Our next option was to look to adoption. This surprisingly was not a difficult decision to come to. We both have zero sense of biological imperative to propagate our own genetics, which might in part be owed to the fact that we both have crap genetics and any biological kid of ours would be doomed from the get-go. This is no slight against any of our parents, grandparents et al, who are all perfectly intact human beings. We just want kids, we don't care so much that they're not of our own making. They will be our kids in every way that matters.

Jen already talked about why China, and the truth is that this decision was made over a year and a half ago. Different countries have different requirements about age, income level, fitness, etc., and one of China's requirements was that we both be 30 years old at the time they receive our dossier. Jen being 28 at the time meant waiting until now to get started.

So here we go.

-- Kevin

P.S. Have questions in particular (all two of you followers?) Leave a comment and we'll answer what we can.

Friday, December 17, 2010

The Journey Begins

Well, at least it begins openly. We've spent the better part of the last year and a half waiting to begin the waiting process that is adopting from China.

I suppose we should start at the beginning. Why China? Well, the short answer to that is that China is where our daughter is. The (slightly) longer version is this: We looked into many different adoption programs, both international and domestic and both felt really strongly about China. Unfortunately, amongst it's many requirements, there is an age requirement that both potential parents be 30. We decided adoption was the right choice for us in March 2009, but I was only 28. We felt strongly enough that China was where our daughter would be born that we waited not so patiently and pursued no other programs or options. To say that it sucked would be a bit kind. We tried to keep busy by studying Mandarin, learning more about the culture and people, and generally distracting ourselves from the wait.

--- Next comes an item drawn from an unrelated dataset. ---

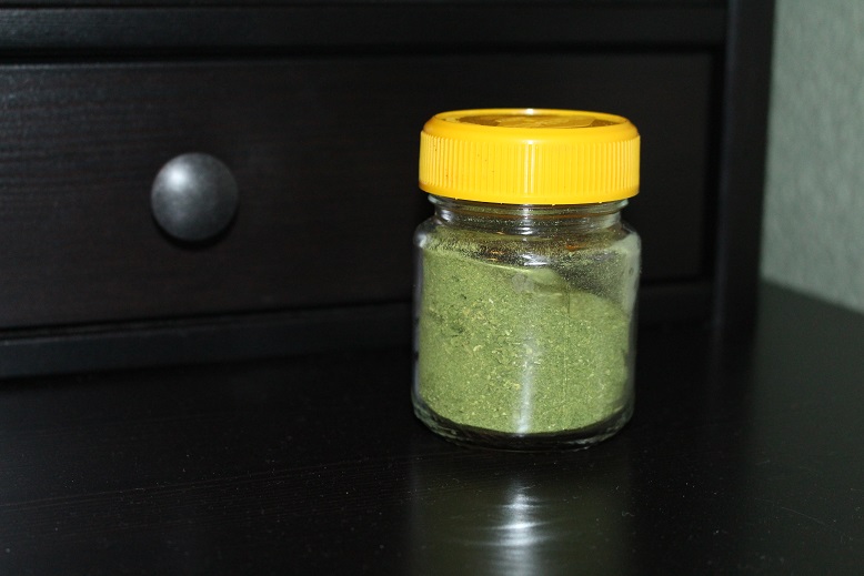 Here is a tiny Vegemite jar which is about 3/4 filled with 37g (a little over 1 ounce) of powdered dried celery. This is the yield from a full (albeit small) bunch of celery from our garden. Along with some of the onion powder, this is the beginning of my home-made stock powder.

Now we have finally reached a milestone. December 2010, the month we can finally begin paperwork. It's amazing to be able to move forward after all this time.

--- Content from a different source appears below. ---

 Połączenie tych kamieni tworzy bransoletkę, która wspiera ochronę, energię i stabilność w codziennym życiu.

This blog will mostly be for friends and family to help explain the process and keep everyone updated on where we are at. Since that is the case, here is a very condensed version of what the process looks like and what we have to do.

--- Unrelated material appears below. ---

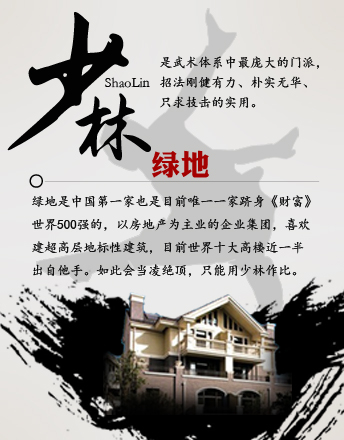 綠地 少林派 少林是體系最龐大的門派,招法剛健有力、攻防兼?zhèn)洹銓?shí)無華。 綠地是中國(guó)首家躋身《財(cái)富》世界500強(qiáng)的,以房產(chǎn)為主業(yè)的企業(yè)。項(xiàng)目遍及全國(guó),世界十大高樓近一半來自綠地。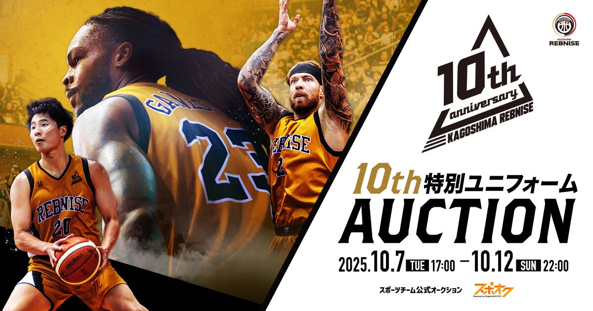 株式会社モバオク(本社:東京都渋谷区、代表取締役社長:小一原 宏樹、以下モバオク)がエンゲート株式会社(本社:東京都中央区、代表取締役:城⼾ 幸⼀郎、以下エンゲート)と業務提携し提供するスポーツチーム公式オークションサービス「スポオク」にて、B.LEAGUE所属の鹿児島レブナイズは2025年10月7日(火)より『鹿児島レブナイズ10th特別ユニフォームオークション』を開始します。

1) Find and get accepted by an agency. Done! Our application was approved on Tuesday!
2) Put together our dossier. This is a whole buttload of paperwork that goes to China for them to approve. It includes a home study*, background checks, fingerprints, police records, references, medical exams, tax and income info, blah, blah, blah. It takes about 6 months to complete and so long as I am 30 when it arrives in China, we are good to go.
*a home study is done by a local agency and consists of 4 interviews with the couple, and in -home inspection and some parenting classes, I think.
3) Wait some more.
4) Get a referral! We are going through the waiting child program, so our agency will match us from a big shared list that China puts out each month. Essentially, you get a phone call and email with picture and medical records as well as a description of the child. You can have the records reviewed by a doctor and talk it over, but you have to decide on whether to accept the referral within 48 hours I think.
5) Stare at the one picture of your child you have for the next 3-5 months while paperwork continues going back and forth and China approves travel. Ah red tape.
6) Go to China. Adoptive parents are typically in China as a group for 2 weeks. We may go for a bit longer, if possible. You get handed your child in the first week and after the initial 24 hours, the adoption is considered finalized. You take oaths to care for the child, get their passport and whatnot and go home.

It's as simple as that! (Obviously, it's not simple or quick. That was sarcasm. Be prepared, there will be plenty more of that).

Anyway, I'll let Kevin fill in any details I missed. In the meantime, leave comments, ask questions, have some punch and pie! We're happy to be here and happy to have others on the journey with us.